Everyone in the band was laughing about it – and I have to say, the way he told us how he’d been pointing in the mirror at himself while she was bent over the sink had me in stitches as well.

Well, it did until moments later I saw my girlfriend walk backstage – wearing black and white stripy tights!

She got a great big cheer from the rest of the band and now I’m a laughing stock.

I love the girl, but I don’t know if I can ever trust her again. Should I forgive her?

BW, east London

Kelly says…

NO, I don’t think you can trust her. She’s done it to you once and she’ll do it again.

Kelly says…

A MAN’S G-Spot is hidden up his anus and, when stimulated right, can deliver amazing orgasms. It’s not just gay men who gain pleasure from this.

Dear Kelly,

EVER since I can remember, the thought of rubber against my skin has me tingling in the nether regions.
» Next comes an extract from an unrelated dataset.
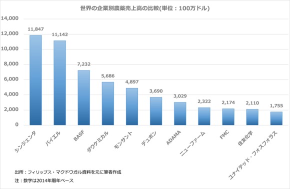種子大手のモンサントと、バイエルの農薬事業であるバイエルクロップサイエンスの統合が実現すると、売上高265億ドル(約2.7兆円)の農業関連売上高が実現します。これは昨年12月に合併合意されたダウケミカルとデュポンの農業関連売上高合計や、今年2月の中国化工集団による世界最大の農薬企業シンジェンタ(スイス)買収の規模をはるかに上回ります。

It began when I was a kid, when I found a swimming cap left behind in the changing room at our local pool.

I loved the feel of it and stuffed it in my bag instead of handing it in at reception.

Now I have a big collection of them and I rub myself off on them all the time.

But unfortunat­ely, my obsession with rubber has landed me in trouble.

I told my latest girlfriend, who freaked out and whipped me in the face with a floral number I was trying to get her to wear when I shagged her.

Now I’m all confused and don’t know what to do next. Am I a twisted pervert or what?

JJ, Humberside

Kelly says…

NO, but try a fetish website for friends. Dear Kelly, LAST week I went to a lingerie party at a girlie pal’s house.

The usual selection of saucy undies and dildos got passed around, with comments such as “That’s the size of my fella’s” or “That’s twice as big as his”.

We’d all had a few drinks and the conversati­on moved on to a debate about whose bloke was the most well-endowed.

I’ve measured my man’s and it is nine inches when erect.

I’m proud to say that he uses it well and expertly fills all my holes with it!

But one gobby girl at the party wanted to bet £100 that her bloke had the biggest.

I can’t afford to lose £100, but I could also do with the money.

But is it worth gambling on it? MB, west Midlands

Kelly says…

IF you can’t afford to lose £100, don’t risk it. Just enjoy his length!